DATASET: Begin

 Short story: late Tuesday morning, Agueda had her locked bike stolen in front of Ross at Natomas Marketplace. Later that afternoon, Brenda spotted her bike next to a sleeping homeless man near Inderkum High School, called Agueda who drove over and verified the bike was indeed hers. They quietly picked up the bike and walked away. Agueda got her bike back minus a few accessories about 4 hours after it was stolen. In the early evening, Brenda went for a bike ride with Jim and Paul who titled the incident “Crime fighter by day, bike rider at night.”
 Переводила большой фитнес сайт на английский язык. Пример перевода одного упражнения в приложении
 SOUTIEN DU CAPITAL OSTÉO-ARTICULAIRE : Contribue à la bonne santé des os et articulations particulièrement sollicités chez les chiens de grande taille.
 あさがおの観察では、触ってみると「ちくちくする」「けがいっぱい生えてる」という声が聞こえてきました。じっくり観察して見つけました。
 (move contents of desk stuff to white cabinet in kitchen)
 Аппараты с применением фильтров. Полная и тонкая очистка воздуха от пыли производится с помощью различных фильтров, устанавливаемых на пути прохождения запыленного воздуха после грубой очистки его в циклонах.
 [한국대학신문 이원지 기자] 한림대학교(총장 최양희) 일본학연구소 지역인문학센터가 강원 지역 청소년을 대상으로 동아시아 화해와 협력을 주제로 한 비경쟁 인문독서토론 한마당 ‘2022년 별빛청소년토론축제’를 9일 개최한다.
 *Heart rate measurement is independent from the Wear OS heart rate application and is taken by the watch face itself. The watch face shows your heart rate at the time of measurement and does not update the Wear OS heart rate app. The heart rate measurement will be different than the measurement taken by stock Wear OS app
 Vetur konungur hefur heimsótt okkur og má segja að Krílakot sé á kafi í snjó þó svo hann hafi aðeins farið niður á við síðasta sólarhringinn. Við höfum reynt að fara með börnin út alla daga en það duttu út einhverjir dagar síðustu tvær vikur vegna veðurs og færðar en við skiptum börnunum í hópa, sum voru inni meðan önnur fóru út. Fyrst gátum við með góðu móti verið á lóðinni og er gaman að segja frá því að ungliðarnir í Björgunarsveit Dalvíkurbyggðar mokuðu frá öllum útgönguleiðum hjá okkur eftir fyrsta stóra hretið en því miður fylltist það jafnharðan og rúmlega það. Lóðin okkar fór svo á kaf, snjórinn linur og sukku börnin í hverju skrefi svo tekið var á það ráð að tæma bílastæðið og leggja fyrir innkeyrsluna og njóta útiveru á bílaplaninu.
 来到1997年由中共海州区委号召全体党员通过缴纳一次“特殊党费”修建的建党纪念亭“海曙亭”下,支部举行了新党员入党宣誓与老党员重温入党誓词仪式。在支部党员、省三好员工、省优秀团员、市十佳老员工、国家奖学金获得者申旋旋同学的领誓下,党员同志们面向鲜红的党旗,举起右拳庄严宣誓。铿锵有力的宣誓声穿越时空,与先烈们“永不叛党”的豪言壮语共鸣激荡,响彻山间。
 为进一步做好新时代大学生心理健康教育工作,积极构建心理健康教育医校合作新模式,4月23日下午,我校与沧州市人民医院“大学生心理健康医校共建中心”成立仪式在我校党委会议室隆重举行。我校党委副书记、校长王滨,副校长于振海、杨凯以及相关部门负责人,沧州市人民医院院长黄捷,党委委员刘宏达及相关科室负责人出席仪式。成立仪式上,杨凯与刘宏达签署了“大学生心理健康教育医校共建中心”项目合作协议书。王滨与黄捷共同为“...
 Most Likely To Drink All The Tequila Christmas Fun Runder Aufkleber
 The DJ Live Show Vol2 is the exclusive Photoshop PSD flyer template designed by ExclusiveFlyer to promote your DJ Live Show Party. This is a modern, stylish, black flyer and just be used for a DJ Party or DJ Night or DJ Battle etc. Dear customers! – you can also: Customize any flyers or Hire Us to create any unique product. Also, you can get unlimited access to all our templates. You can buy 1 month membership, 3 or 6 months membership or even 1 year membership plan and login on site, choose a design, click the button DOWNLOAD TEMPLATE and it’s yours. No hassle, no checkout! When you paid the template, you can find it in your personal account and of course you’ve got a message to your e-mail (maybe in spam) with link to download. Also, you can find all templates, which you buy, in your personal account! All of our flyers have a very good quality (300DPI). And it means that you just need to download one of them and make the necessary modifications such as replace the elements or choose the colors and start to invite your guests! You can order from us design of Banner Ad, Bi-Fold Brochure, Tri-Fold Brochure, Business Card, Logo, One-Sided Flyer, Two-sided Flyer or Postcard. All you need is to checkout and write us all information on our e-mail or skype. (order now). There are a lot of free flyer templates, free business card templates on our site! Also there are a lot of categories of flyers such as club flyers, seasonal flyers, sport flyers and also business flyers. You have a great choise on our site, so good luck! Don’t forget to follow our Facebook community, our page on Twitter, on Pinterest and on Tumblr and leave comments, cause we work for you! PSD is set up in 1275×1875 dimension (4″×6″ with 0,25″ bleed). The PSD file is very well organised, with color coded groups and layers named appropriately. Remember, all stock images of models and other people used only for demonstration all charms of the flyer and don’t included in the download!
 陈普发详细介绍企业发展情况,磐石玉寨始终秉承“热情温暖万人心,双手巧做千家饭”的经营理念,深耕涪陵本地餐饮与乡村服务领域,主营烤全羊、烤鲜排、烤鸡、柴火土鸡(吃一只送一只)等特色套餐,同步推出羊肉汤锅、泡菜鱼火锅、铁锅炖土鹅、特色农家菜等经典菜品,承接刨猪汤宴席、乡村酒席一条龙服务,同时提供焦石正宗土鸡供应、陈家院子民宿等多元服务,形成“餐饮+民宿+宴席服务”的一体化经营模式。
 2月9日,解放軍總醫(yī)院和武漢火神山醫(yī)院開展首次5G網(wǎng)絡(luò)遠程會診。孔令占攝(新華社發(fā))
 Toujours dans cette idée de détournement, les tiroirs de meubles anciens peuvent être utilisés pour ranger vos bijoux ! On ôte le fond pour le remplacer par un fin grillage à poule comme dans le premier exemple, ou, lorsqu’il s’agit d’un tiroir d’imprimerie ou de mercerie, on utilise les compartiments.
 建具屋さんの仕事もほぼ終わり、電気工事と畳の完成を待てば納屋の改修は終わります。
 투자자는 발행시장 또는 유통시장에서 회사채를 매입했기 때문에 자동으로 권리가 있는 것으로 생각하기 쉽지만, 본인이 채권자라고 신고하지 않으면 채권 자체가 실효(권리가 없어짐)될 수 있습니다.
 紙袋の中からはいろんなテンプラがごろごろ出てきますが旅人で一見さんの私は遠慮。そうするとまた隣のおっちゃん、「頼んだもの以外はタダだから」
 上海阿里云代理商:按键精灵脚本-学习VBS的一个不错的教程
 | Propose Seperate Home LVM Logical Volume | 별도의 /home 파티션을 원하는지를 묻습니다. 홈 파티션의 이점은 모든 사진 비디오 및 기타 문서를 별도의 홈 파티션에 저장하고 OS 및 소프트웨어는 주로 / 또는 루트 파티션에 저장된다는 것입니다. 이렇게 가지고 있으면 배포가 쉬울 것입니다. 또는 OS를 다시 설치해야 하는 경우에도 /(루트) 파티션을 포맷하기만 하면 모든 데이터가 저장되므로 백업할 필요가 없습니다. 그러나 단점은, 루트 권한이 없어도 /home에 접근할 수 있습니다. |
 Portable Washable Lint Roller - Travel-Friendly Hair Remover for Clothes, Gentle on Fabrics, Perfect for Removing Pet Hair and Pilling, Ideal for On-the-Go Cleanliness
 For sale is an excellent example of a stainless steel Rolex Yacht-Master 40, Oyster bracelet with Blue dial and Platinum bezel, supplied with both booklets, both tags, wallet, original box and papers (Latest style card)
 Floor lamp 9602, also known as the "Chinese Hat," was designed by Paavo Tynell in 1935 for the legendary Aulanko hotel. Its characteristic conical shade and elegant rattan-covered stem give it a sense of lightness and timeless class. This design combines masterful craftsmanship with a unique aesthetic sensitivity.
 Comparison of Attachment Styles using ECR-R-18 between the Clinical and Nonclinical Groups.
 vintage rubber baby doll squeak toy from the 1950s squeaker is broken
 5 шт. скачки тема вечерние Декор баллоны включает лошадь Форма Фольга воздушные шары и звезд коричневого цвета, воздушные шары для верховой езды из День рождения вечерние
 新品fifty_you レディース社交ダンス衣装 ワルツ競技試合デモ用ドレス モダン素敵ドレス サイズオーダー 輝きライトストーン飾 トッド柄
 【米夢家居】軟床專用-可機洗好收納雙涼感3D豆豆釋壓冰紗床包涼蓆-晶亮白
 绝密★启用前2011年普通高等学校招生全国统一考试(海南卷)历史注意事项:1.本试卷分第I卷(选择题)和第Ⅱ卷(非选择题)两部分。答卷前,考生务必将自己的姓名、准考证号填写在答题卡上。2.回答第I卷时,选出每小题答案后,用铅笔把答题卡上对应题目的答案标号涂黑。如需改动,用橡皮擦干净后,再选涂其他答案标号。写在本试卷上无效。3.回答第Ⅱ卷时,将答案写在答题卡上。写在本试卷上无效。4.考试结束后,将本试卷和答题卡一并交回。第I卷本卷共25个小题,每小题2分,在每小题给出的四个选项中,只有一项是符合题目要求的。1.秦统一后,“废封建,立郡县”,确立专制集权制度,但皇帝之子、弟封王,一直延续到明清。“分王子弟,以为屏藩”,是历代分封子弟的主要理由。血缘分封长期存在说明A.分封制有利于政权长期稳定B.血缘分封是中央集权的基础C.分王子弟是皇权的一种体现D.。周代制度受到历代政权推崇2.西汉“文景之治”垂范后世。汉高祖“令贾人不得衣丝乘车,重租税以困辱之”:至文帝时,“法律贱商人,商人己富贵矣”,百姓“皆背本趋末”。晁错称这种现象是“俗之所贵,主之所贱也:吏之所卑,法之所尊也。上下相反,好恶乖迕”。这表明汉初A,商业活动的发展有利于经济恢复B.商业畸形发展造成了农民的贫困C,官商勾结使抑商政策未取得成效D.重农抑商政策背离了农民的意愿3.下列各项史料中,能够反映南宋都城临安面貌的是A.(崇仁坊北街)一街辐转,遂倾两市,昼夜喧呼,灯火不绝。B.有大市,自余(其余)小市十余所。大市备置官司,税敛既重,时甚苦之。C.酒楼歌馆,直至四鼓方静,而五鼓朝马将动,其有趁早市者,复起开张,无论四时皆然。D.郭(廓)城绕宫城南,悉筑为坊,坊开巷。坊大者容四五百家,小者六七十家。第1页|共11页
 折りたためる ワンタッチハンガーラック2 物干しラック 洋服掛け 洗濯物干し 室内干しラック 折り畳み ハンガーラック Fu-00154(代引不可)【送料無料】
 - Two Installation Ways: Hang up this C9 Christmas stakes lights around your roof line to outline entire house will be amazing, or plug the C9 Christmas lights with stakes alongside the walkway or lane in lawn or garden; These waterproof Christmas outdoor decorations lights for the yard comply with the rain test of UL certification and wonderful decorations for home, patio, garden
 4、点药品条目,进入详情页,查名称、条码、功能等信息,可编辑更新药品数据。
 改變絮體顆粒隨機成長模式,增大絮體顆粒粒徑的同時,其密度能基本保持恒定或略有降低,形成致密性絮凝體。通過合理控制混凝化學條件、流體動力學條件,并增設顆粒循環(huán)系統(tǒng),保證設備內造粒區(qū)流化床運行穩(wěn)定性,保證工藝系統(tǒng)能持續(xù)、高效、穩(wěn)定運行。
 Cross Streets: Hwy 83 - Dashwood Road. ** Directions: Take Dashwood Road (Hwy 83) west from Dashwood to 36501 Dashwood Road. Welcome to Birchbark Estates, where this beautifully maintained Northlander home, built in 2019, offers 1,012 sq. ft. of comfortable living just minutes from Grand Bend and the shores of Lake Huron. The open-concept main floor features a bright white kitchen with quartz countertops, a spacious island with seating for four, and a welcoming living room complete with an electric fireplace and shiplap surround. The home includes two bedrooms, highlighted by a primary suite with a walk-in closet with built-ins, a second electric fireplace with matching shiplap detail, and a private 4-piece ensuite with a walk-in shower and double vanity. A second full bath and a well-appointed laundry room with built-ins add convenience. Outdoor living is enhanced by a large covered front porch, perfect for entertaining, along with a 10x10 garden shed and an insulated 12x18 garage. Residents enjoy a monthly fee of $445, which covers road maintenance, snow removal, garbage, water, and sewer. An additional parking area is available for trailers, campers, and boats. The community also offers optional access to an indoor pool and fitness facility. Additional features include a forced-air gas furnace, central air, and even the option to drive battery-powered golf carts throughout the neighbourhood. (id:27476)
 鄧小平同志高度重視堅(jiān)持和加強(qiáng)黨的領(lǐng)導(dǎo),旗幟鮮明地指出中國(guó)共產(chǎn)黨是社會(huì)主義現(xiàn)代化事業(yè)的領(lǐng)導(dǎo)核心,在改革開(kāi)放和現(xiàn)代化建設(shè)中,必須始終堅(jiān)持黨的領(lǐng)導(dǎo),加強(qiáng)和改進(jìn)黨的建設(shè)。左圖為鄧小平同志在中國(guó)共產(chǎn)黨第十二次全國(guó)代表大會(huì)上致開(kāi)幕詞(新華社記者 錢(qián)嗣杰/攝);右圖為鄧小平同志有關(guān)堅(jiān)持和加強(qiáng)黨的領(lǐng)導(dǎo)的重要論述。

DATASET: End

THE PROBLEM: Filter the entries down to the lines with the word "kitchen" in them, and copy those lines.

RESULT:
 (move contents of desk stuff to white cabinet in kitchen)
 Cross Streets: Hwy 83 - Dashwood Road. ** Directions: Take Dashwood Road (Hwy 83) west from Dashwood to 36501 Dashwood Road. Welcome to Birchbark Estates, where this beautifully maintained Northlander home, built in 2019, offers 1,012 sq. ft. of comfortable living just minutes from Grand Bend and the shores of Lake Huron. The open-concept main floor features a bright white kitchen with quartz countertops, a spacious island with seating for four, and a welcoming living room complete with an electric fireplace and shiplap surround. The home includes two bedrooms, highlighted by a primary suite with a walk-in closet with built-ins, a second electric fireplace with matching shiplap detail, and a private 4-piece ensuite with a walk-in shower and double vanity. A second full bath and a well-appointed laundry room with built-ins add convenience. Outdoor living is enhanced by a large covered front porch, perfect for entertaining, along with a 10x10 garden shed and an insulated 12x18 garage. Residents enjoy a monthly fee of $445, which covers road maintenance, snow removal, garbage, water, and sewer. An additional parking area is available for trailers, campers, and boats. The community also offers optional access to an indoor pool and fitness facility. Additional features include a forced-air gas furnace, central air, and even the option to drive battery-powered golf carts throughout the neighbourhood. (id:27476)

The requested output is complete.